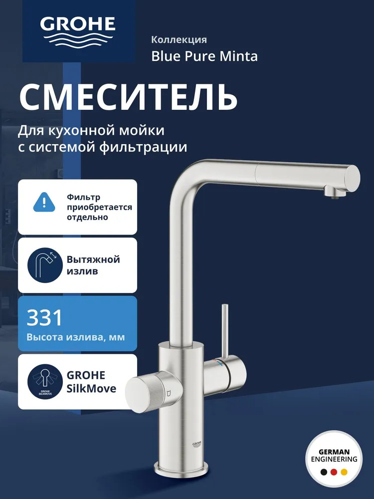 Чтобы наслаждаться вкусной водой прямо из источника и избежать необходимости покупать и хранить бутилированную воду, установите кухонный смеситель Grohe Blue Pure Minta. Он разработан для комбинирования с различными фильтрами Grohe Blue, в размерах S, M и L, или сочетайте его с фильтром Magnesium+Zinc, Ultrasafe, Activated Carbon, Reverse Osmosis или Reverse Osmosis Mineralisation в соответствии с вашим вкусом и образом жизни. Наш обновленный дизайн обеспечивает более легкое управление, с рифленой поворотной ручкой для получения вкусной питьевой воды теперь на том же уровне, что и однорычажная ручка, которая обеспечивает смешанную, нефильтрованную воду для ваших ежедневных кухонных дел. Последняя имеет внутри керамический картридж Grohe SilkMove, который обеспечивает плавный и точный контроль объема и температуры. И есть отдельные внутренние водные пути, чтобы гарантировать, что фильтрованная и нефильтрованная вода не смешиваются.
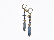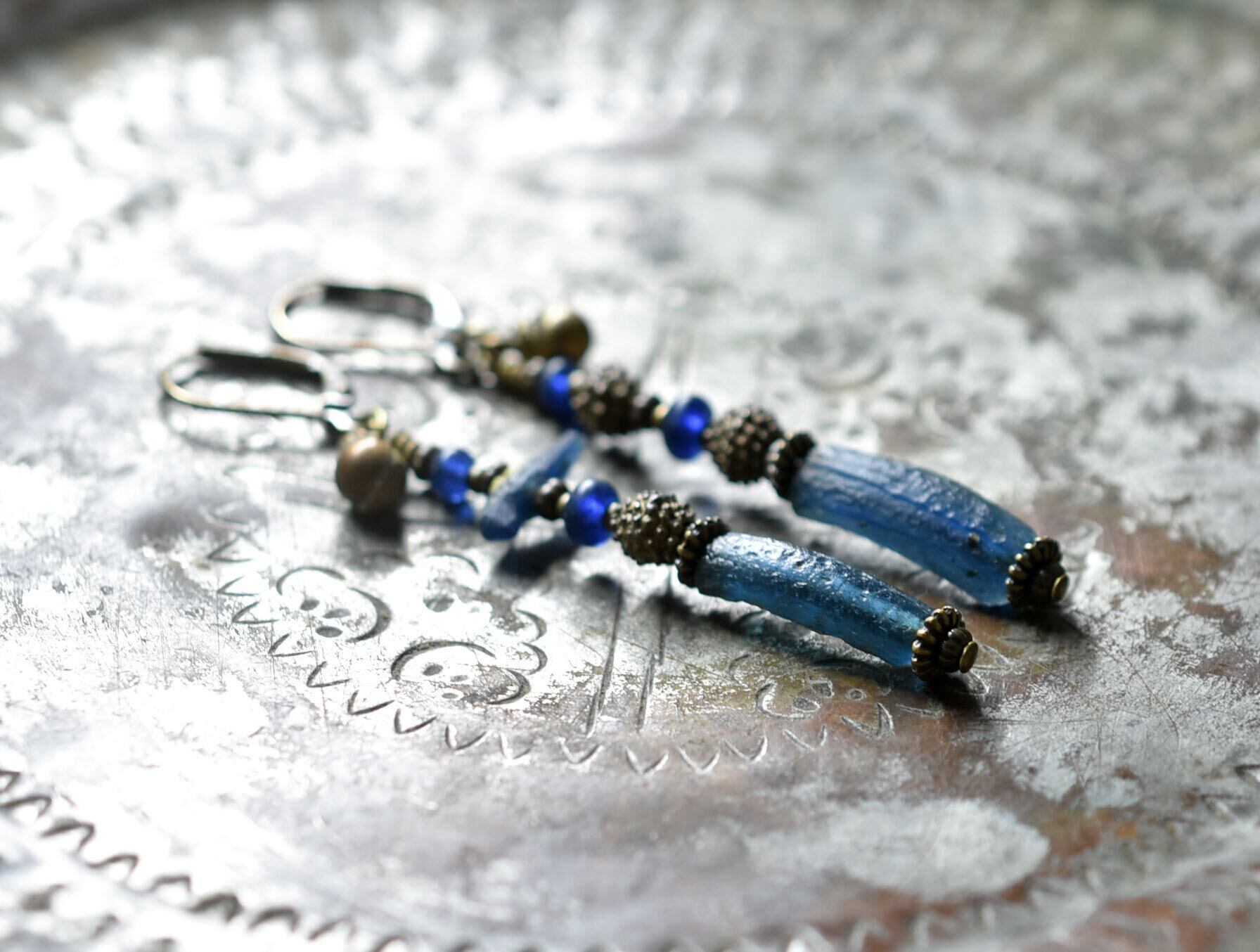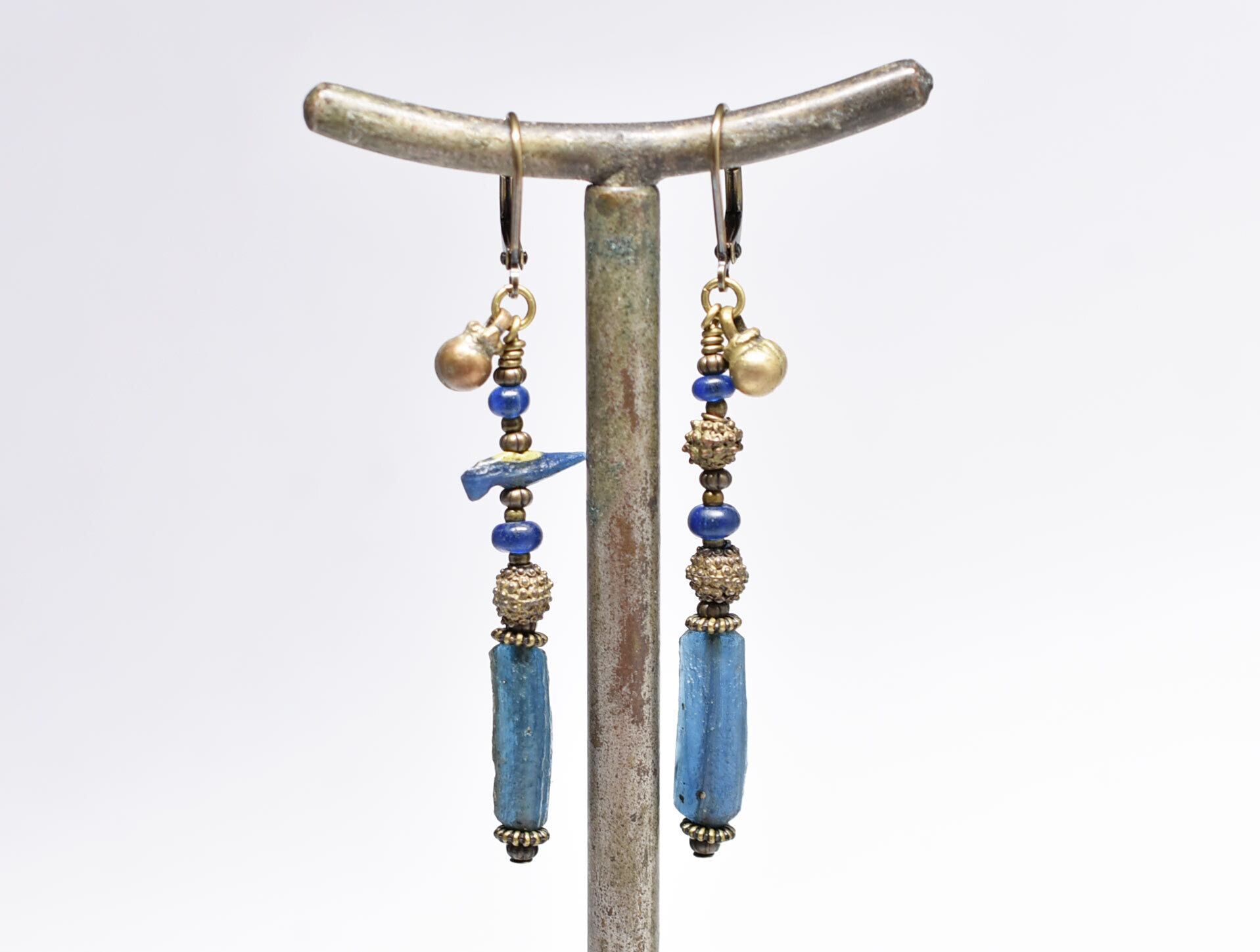 ブルーローマングラス、ベニン族のツブツブビーズ、ブルーアンティークビーズ、民族鈴のアンシメトリーピアス
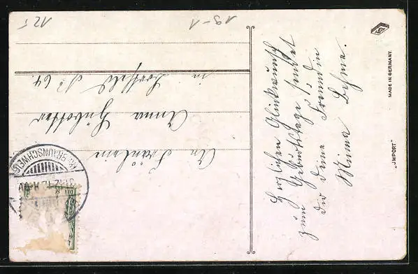 alte Ansichtskarte, gelaufen 1912, Eckknicke unten, Bugspur oben mittig, Briefmarke entfernt, rückseitig Oberflächenschaden
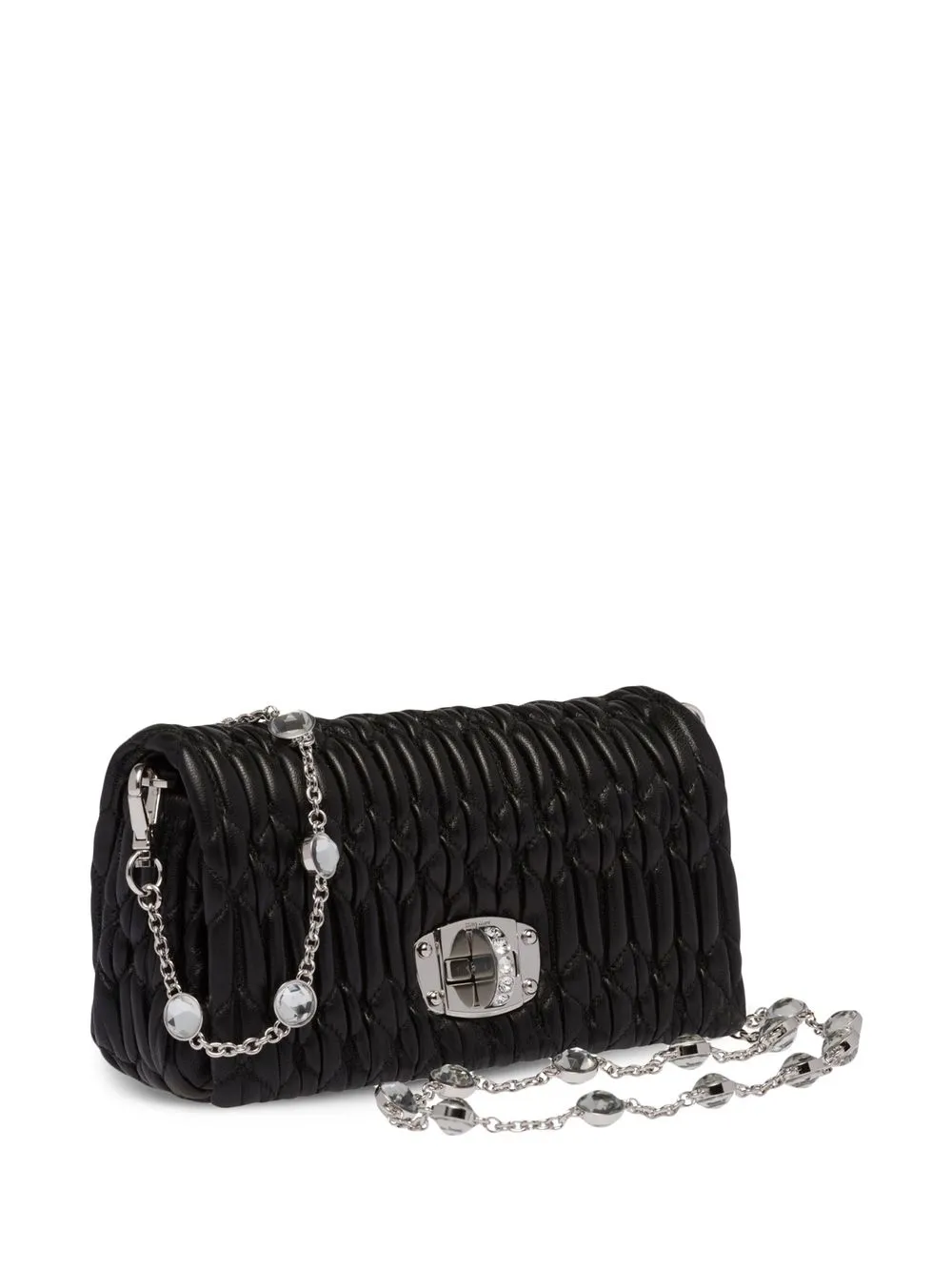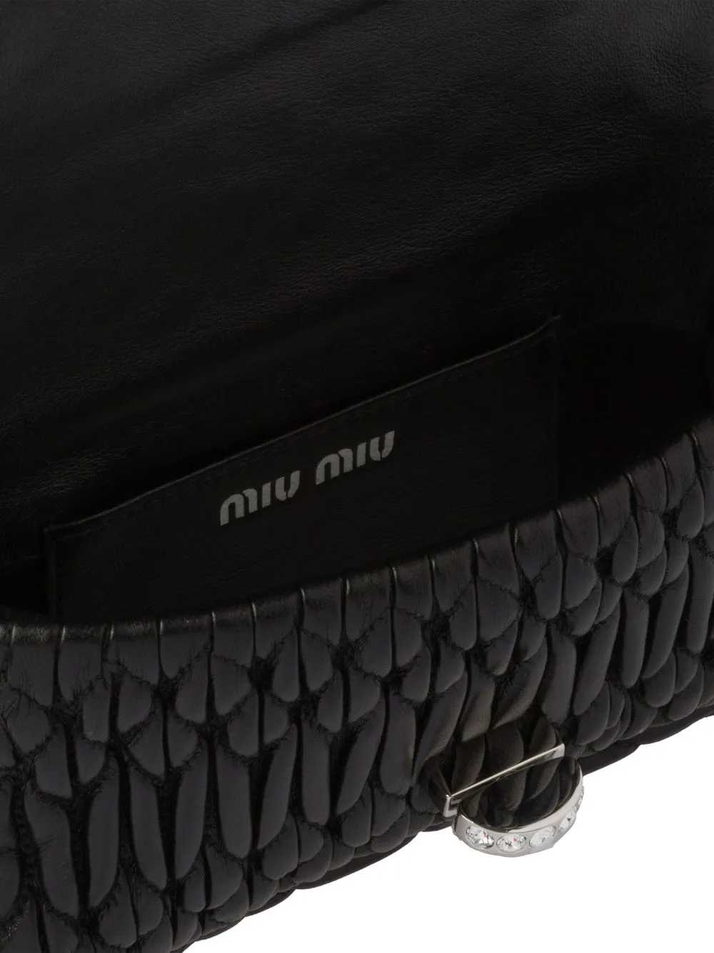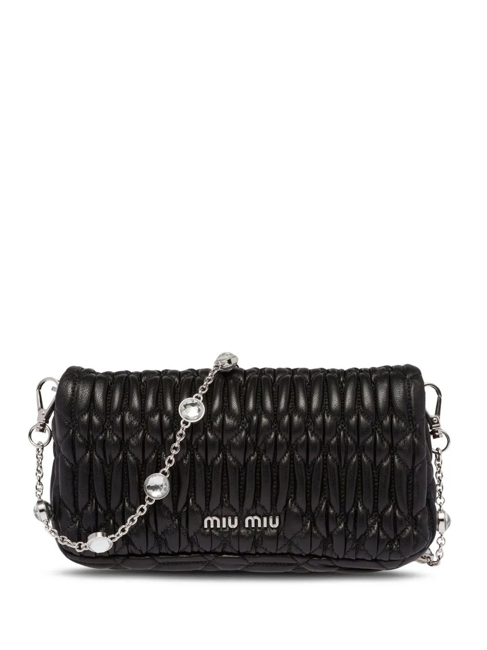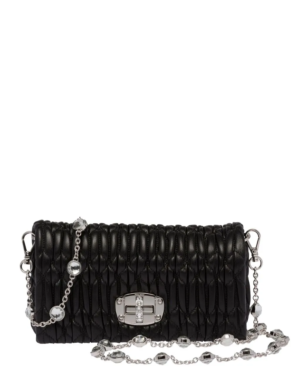 Nero, nappa, effetto matelassé, decorazione in cristalli, fodera in raso, logo in lettere color argento, pattina nella parte superiore, chiusura a girello, scomparto unico e tasca interna a soffietto.

____

### What you will do
Write out the listing above exactly as it stands, pictures excluded.

### Response to the exercise
 Чтобы наслаждаться вкусной водой прямо из источника и избежать необходимости покупать и хранить бутилированную воду, установите кухонный смеситель Grohe Blue Pure Minta. Он разработан для комбинирования с различными фильтрами Grohe Blue, в размерах S, M и L, или сочетайте его с фильтром Magnesium+Zinc, Ultrasafe, Activated Carbon, Reverse Osmosis или Reverse Osmosis Mineralisation в соответствии с вашим вкусом и образом жизни. Наш обновленный дизайн обеспечивает более легкое управление, с рифленой поворотной ручкой для получения вкусной питьевой воды теперь на том же уровне, что и однорычажная ручка, которая обеспечивает смешанную, нефильтрованную воду для ваших ежедневных кухонных дел. Последняя имеет внутри керамический картридж Grohe SilkMove, который обеспечивает плавный и точный контроль объема и температуры. И есть отдельные внутренние водные пути, чтобы гарантировать, что фильтрованная и нефильтрованная вода не смешиваются.
 ブルーローマングラス、ベニン族のツブツブビーズ、ブルーアンティークビーズ、民族鈴のアンシメトリーピアス
 alte Ansichtskarte, gelaufen 1912, Eckknicke unten, Bugspur oben mittig, Briefmarke entfernt, rückseitig Oberflächenschaden
 Nero, nappa, effetto matelassé, decorazione in cristalli, fodera in raso, logo in lettere color argento, pattina nella parte superiore, chiusura a girello, scomparto unico e tasca interna a soffietto.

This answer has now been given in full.